I love ink and I always have. Since I was a young teenager it's always something
I've always wanted to do. I love art, and ink is my chosen way of
expression. I've always seen tattooing as one of the most expressive mediums of presenting yourself to the world (I'm not saying you should do it for the world however). Your body is your site, its your free
performative skin that you have for the rest of your life and it changes as you do. Its the thing that you can use most
effectively in moulding yourself and presenting yourself to those you address everyday. Everyone has skin, and
every one's skin is pretty much the same. So why not make your skin different?
But why am I judge because I do have ink? Don't I care that I'll have it for the rest of my life? (
no) What on earth will it look like when
I'm old and in my 70s?! (
who cares?!) Haven't I thought what guys will think about it when they strip me of my clothing and low and behold they see my ink on my shoulders and back (
I want a guy to love me for it).
I have an impulsive nature to do things when I want to do them. I do things
now because I want to have and do them now - not because of how things might be when
I'm 70, and if a guy doesn't like me for having ink - then I don't wanna be with that guy. And to be thinking what my
dragonfly ink will look like in 50 odd years is beside the point - if I never live that long.

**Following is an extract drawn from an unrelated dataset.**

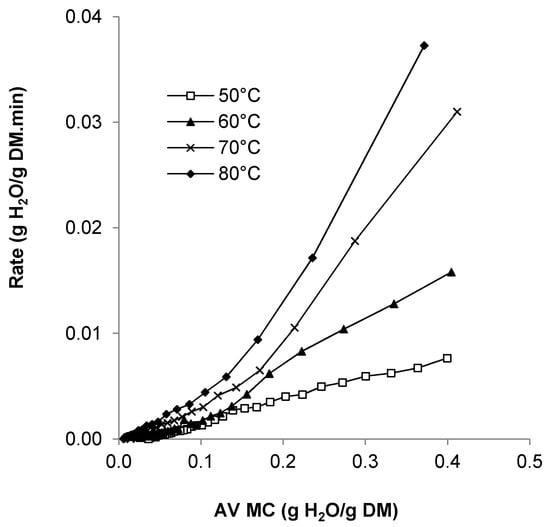 The drying rates of pumpkin seeds dried at 50–80 °C are illustrated in Figure 3. Construction of drying rate curves is a common feature of drying studies, as they assist in dryer selection and optimizing of drying conditions [30].
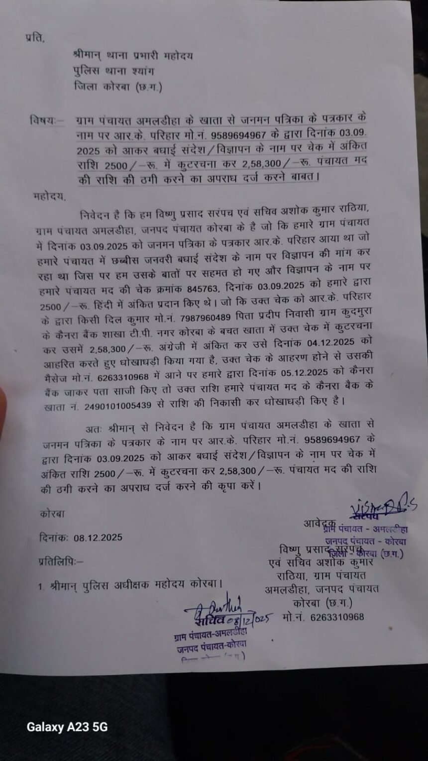 NOW HINDUSTAN. Korba. ग्राम पंचायत अमलडीहा में पंचायत मद की राशि से बड़ी धोखाधड़ी का मामला सामने आया है। सरपंच विष्णु प्रसाद और सचिव अशोक कुमार राठिया ने थाना श्यांग में शिकायत दर्ज कराई है कि स्वयं को जनमन पत्रिका का पत्रकार बताने वाला आर.के. परिहार दिनांक 03 सितंबर 2025 को पंचायत आया था। उसने 26 जनवरी बधाई संदेश के नाम पर विज्ञापन देने की मांग की, जिस पर पंचायत की ओर से 2500 रुपये का चेक क्रमांक 845763 जारी किया गया था। चेक में राशि हिंदी में अंकित थी। आरोप है कि आर.के. परिहार ने चेक में कुटरचना करते हुए 2500 रुपये की जगह 2,58,300 रुपये अंग्रेजी में अंकित कर दिया और अगले ही दिन 04 दिसंबर 2025 को यह राशि दिल कुमार निवासी कुदमुरा के कैनरा बैंक, टीपी नगर शाखा के खाते में जमा कर आहरित कर ली।

My ink has always been the way of letting things go. With a history of self harming - the thrill and the buzz of going under the tattooists expert needle is a thrill I can never die of. Nor one I don't believe I could ever replace. It's the same thrill, well sometimes more then what I get from sex. Ink is my thrill. The tingle, the art, the medium and the painful pleasure is my addiction. It is my expression of me - of things that sit well inside me as well as they do outside.
Ink should be seen as an art, however it's morphed and hidden under many a dozen tacky ink that people choose - personal judgements, a lack of artistic flare of merely a regretful choice of ink may be the downfall to the performance of this art form. More so, surely the
judgements of others regarding myself as a person, as a young lady should not be merely formed on me having being ink. Me and my ink may be linked quite tightly together - I designed them. They are my ink. They are therefore me. But society, well some elements still question the art of the ink as being associated with
thuggery, deviance and crime. As if to be
inked your a criminal or a deviant.
Admire the art of my ink upon my body yes - but don't
categorise me for personal choice of self expression.